Carnet d’un retour au pays natal (2ème partie)



Cette fois-ci, c’est la bonne. Après plusieurs tentatives vaines pendant sept ans, Carelle pose ses valises à Bujumbura. Officiellement, elle rentre pour le mariage plus un séjour de 5 semaines. Elle est loin de s’imaginer qu’elle s’embarque dans une aventure de deux ans où il sera question de doutes, de tourments (à cause des doutes) et d’improvisation (malgré les doutes).

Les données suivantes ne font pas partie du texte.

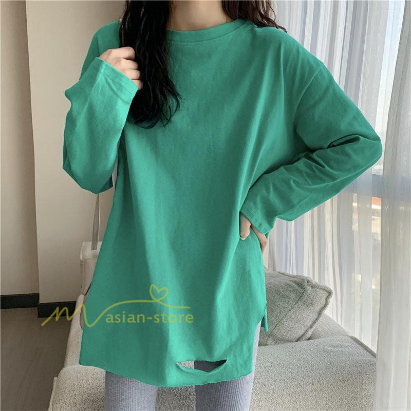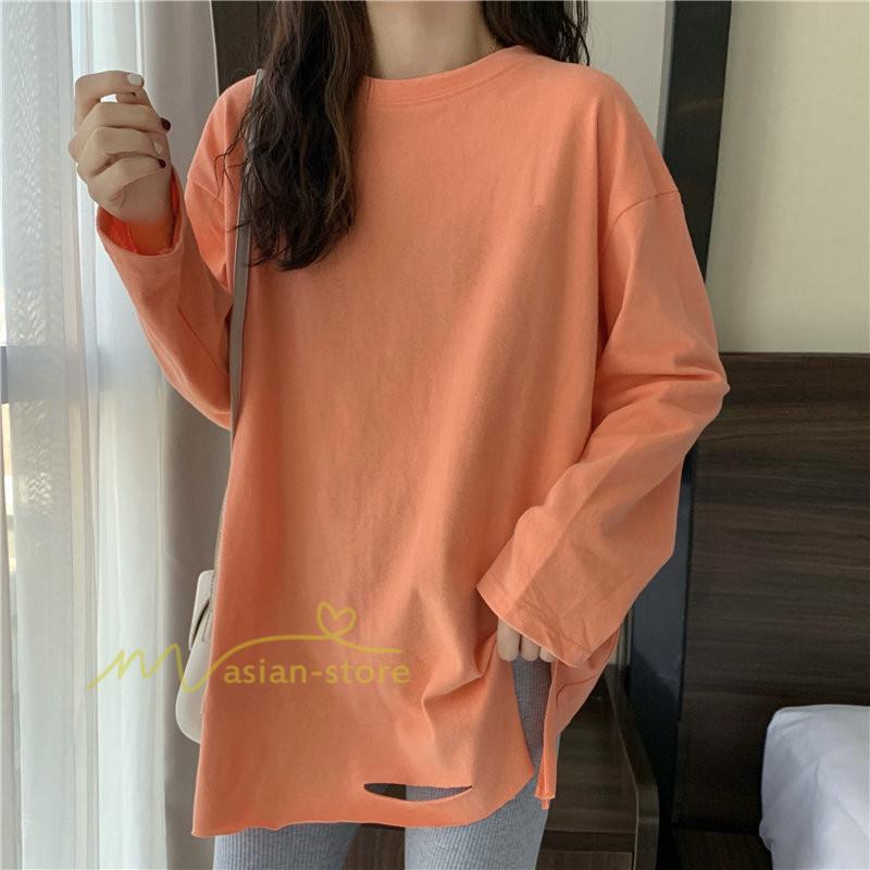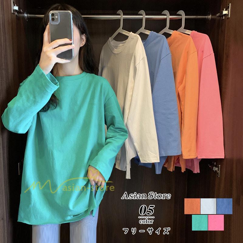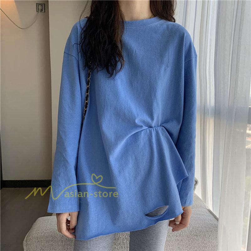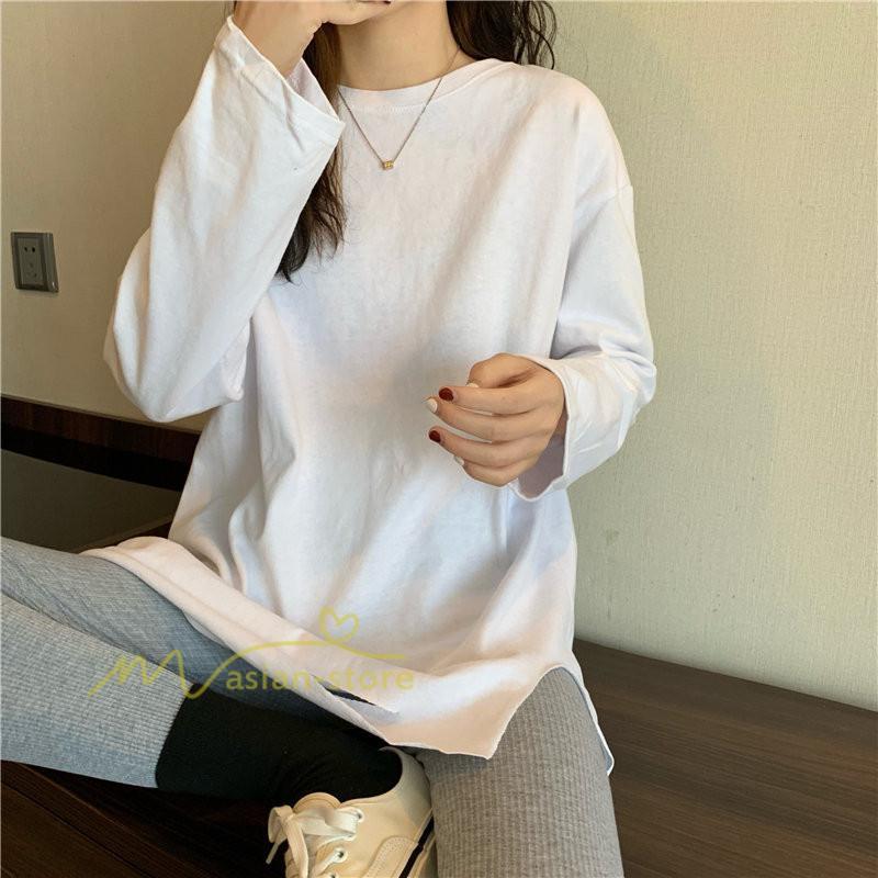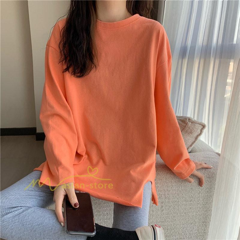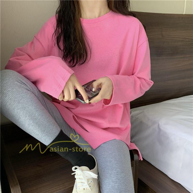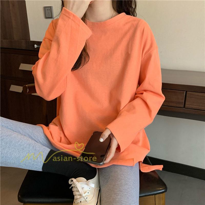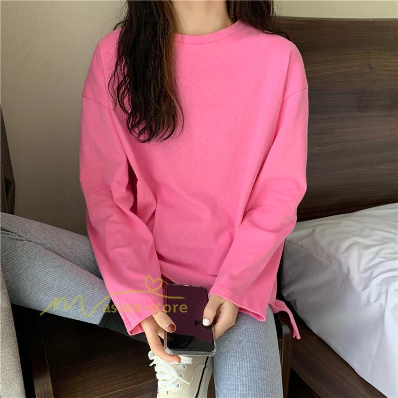 Tシャツ カットソー スリムフィット 韓国風 着やせ カジュアル インナー 女の子 オールシーズン ガーリー
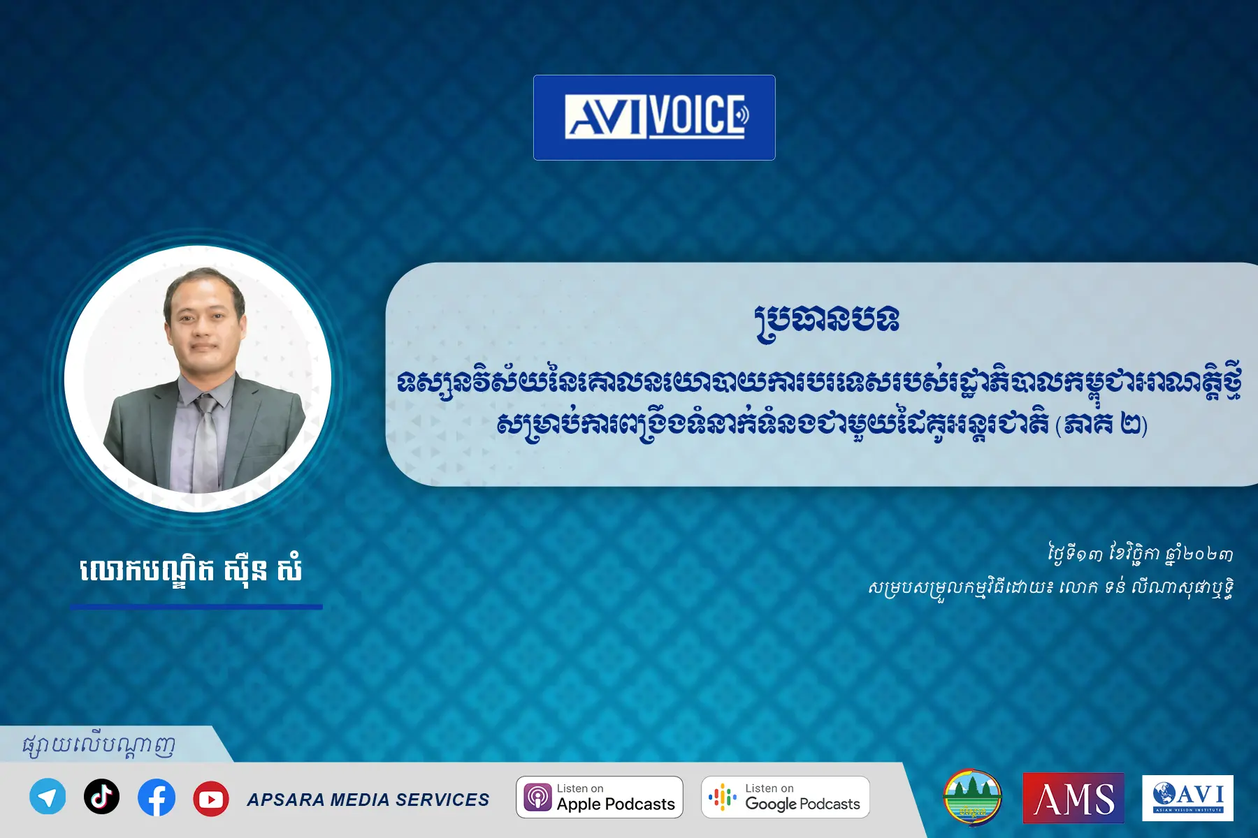 AVI Voice Ep138 :ទស្សនវិស័យនៃគោលនយោបាយការបរទេសរបស់រដ្ឋាភិបាលកម្ពុជាអាណត្តិថ្មី សម្រាប់ការពង្រឹងទំនាក់ទំនងជាមួយដៃគូអន្តរជាតិ (ភាគ ១)

Yves : On n'aurait pas dit un mariage. On aurait dit une équation à plusieurs inconnues. À quatre semaines de l’évènement, plusieurs questions sur la salle de réception, le mariage civil ou encore la bénédiction nuptiale étaient encore sans réponse. En ce début du mois de décembre 2020, pourtant, la grande inconnue était de savoir si elle aurait l’autorisation de son employeur lui permettant le retour au pays.

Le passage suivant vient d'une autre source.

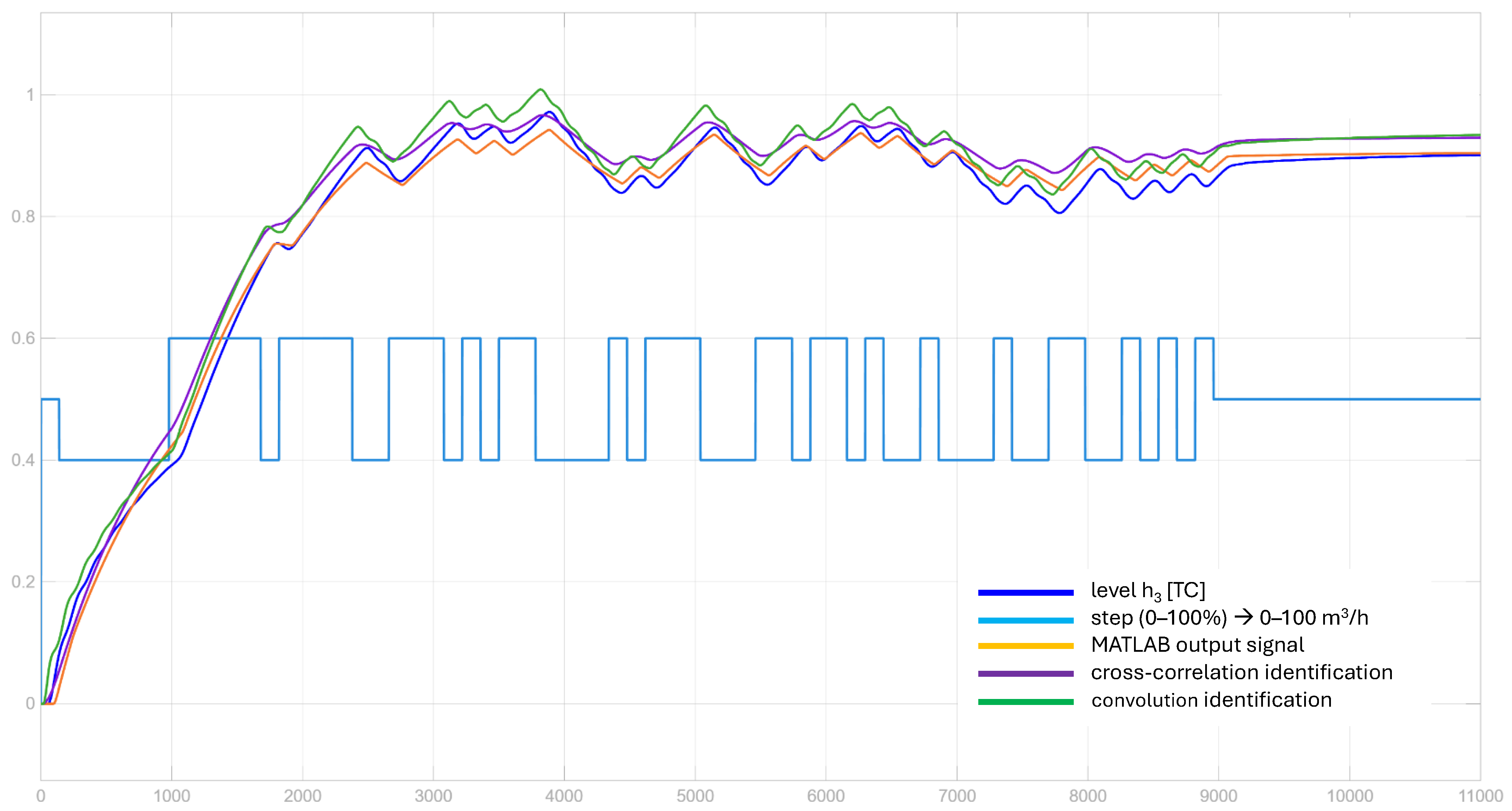 The real process is identified using two methods: the frequency response and the correlation algorithm. The plant is excited with the pseudo random binary signal (PRBS) [34]. Due to its nature, the PRBS exhibits a wide bandwidth. The excitation covers a wide frequency range, which makes the identification more accurate. Once the experiment is accomplished, the data obtained are used by the frequency-based method using fast Fourier transform (FFT) together with correlation analysis [34].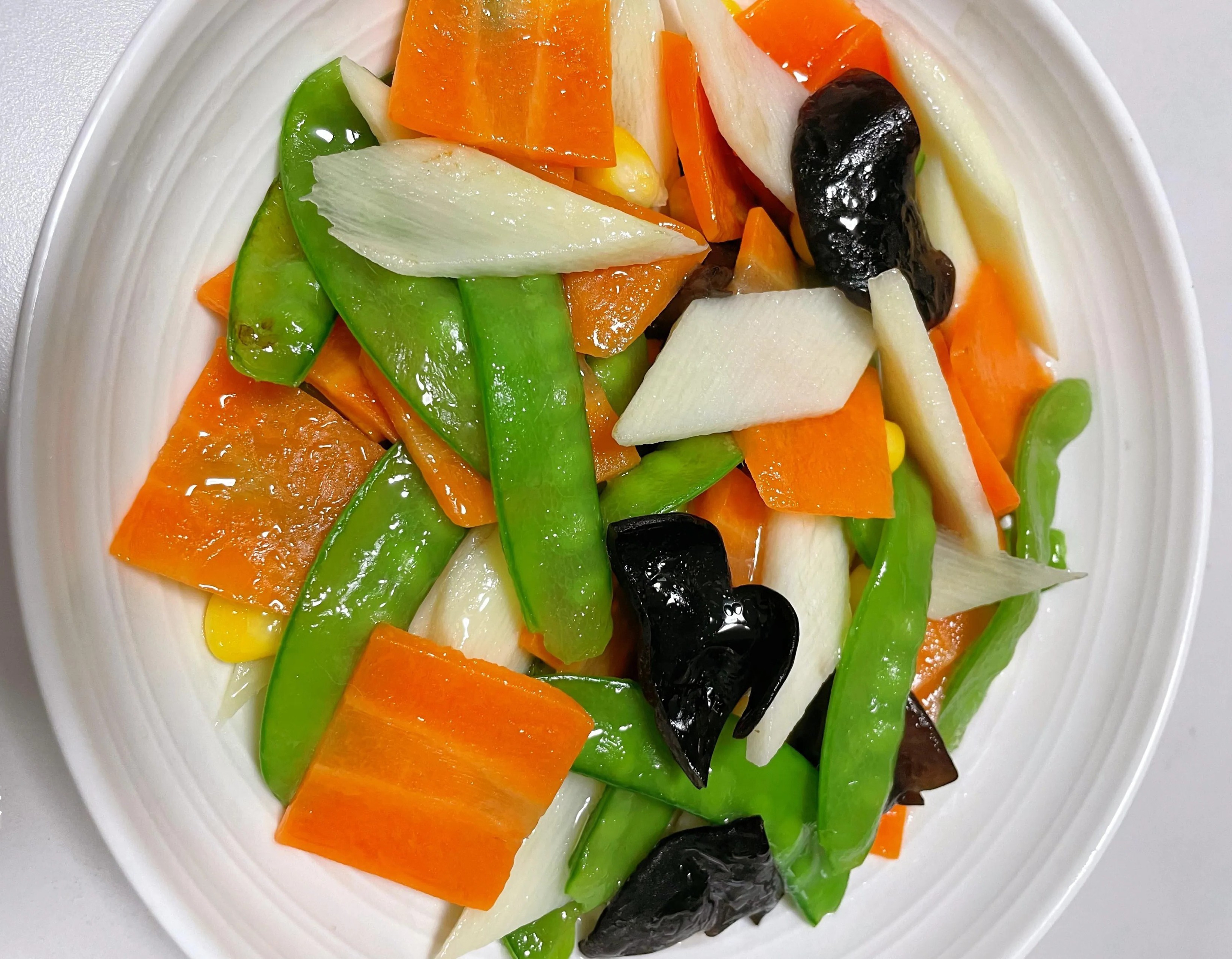 Nguyên liệu: 200g củ mài (gọt vỏ và thái miếng mỏng), 200g đậu Hà Lan, 1/2 củ cà rốt, một ít hạt ngô ngọt, 2 cây mộc nhĩ ngâm mềm rồi xé nhỏ, một chút muối, hạt nêm vị gà, 1 thìa canh bột bắp.

C’est à cette étape de l’aventure que je découvre une facette de Carelle que je n’avais guère soupçonné jusque-là. Sa capacité à évaluer une situation compliquée avec sérénité et, sans autre forme de procès, de choisir l’option la plus difficile et la plus risquée parce que la plus raisonnable. Je ne sais s’il y a un mot pour définir cela.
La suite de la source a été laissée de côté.